ExclusionExclusion typeDescription
.\\._COPYING_$Regex (JAVA_PCRE)Hadoop Distributed File System (HDFS) copying files
/**/.hive-staging**Regex (GLOB)Hive staging directories
/**/.spark-staging-**Regex (GLOB)Spark staging directories
/**/_temporary**Regex (GLOB)Spark temporary directories
(/|/.*/)\\.Trash(/.*)?Regex (Automata)HDFS trash directories
(/|/.*/)\\.snapshot(/.*)?Regex (Automata)HDFS Snapshot directories

The Hive or Spark directories are used to stage temporary files during Hive or Spark jobs. These are automatically deleted by Hive or Spark after use, and are excluded by default to avoid the migration of unnecessary data.

The HDFS Snapshot and trash directories are (generally) only relevant to the local cluster and excluded to avoid migration of unnecessary data.

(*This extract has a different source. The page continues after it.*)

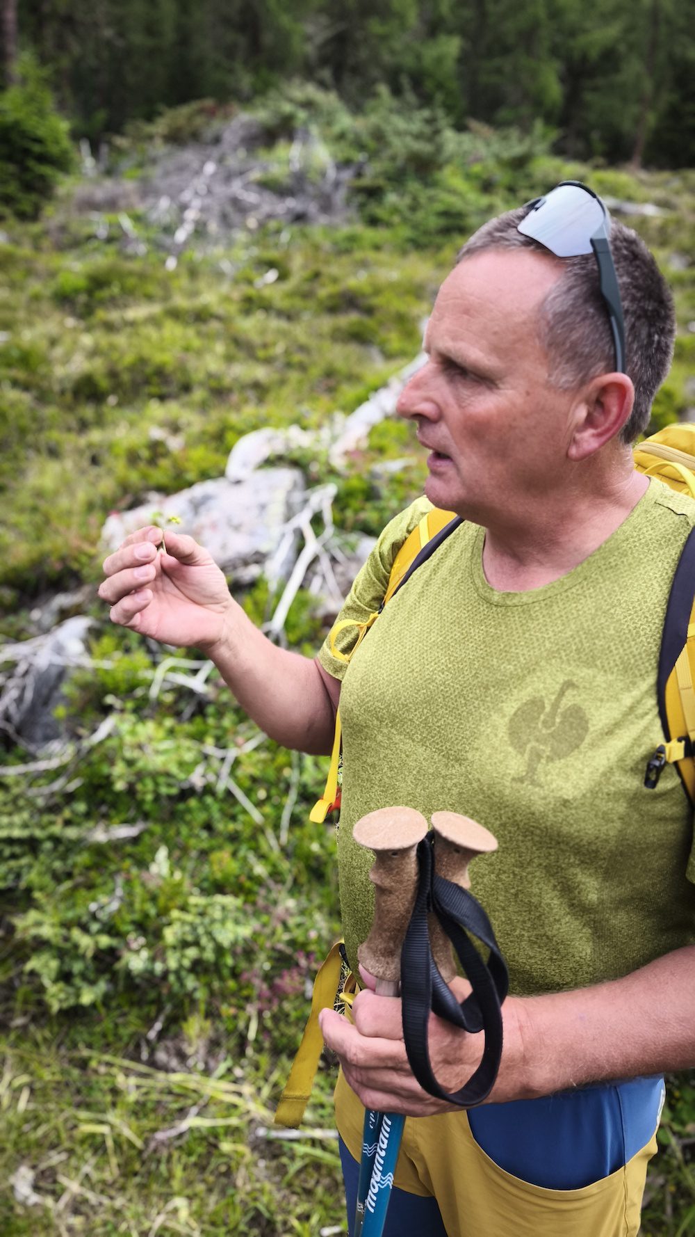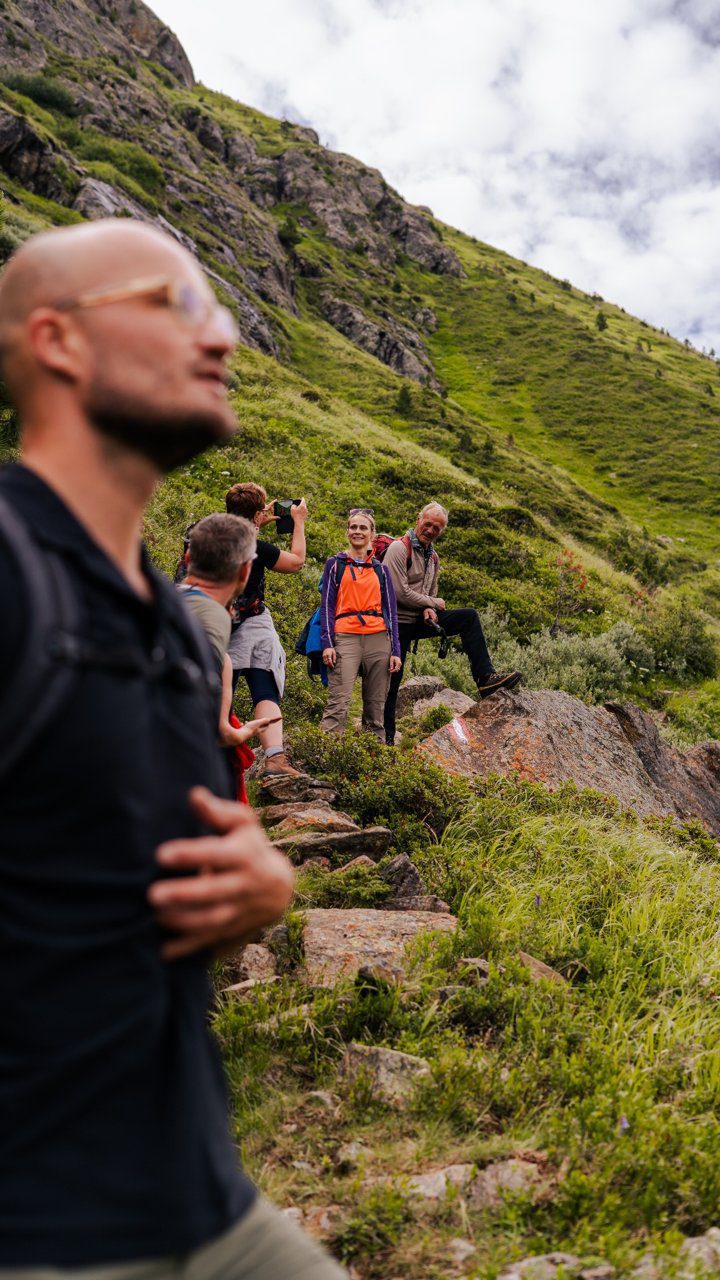 Verderop wijst hij ons op planten die ik in mijn normale tempo waarschijnlijk had gemist. Johanneskruid, dat nog steeds wordt gebruikt tegen neerslachtigheid, en goudsbloem, bekend om zijn helende werking op de huid. Deze kleine details maken de tocht voor mij net zo waardevol als de hoge bergen rondom ons.
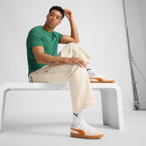 Прямо из архивов - PUMA Palermo. Эти классические кроссовки для бега по вертикали возрождаются сегодня с фирменной конструкцией T-образного носка, невероятно яркими цветовыми блоками и мягкими материалами. Их дизайн основан на футбольном наследии PUMA, но при этом привлекает современных сникерхедов и ценителей уличной моды.

Azure Data Lake Storage (ADLS) Gen2

The default exclusions are:

ExclusionExclusion typeDescription
[.|\\/]$Regex (JAVA_PCRE)File names cannot end with . or ' '
.*([^\\/]*\\/){61,}.*Regex (Automata)Blob names cannot exceed 61 path segments
.{1025,}Regex (JAVA_PCRE)File name length cannot exceed 1024
.*[\\\\].*Regex (JAVA_PCRE)Filepath or name cannot include a backslash.
5 TBFile sizeFile size cannot exceed 5TB

These exclusions cover many of the limitations set by ADLS Gen2 directory and file naming rules.

Google Cloud Storage

The default exclusions are:

ExclusionExclusion typeDescription
.*[\r\n].*Regex (Automata)File name cannot contain carriage return or line feeds
.{1025,}Regex (JAVA_PCRE)File name length cannot exceed 1024
\\.\\.?Regex (Automata)File name cannot be named . or ..
16 TBFile sizeFile size cannot exceed 16TB

These exclusions cover the limitations set by Google Cloud object naming guidelines.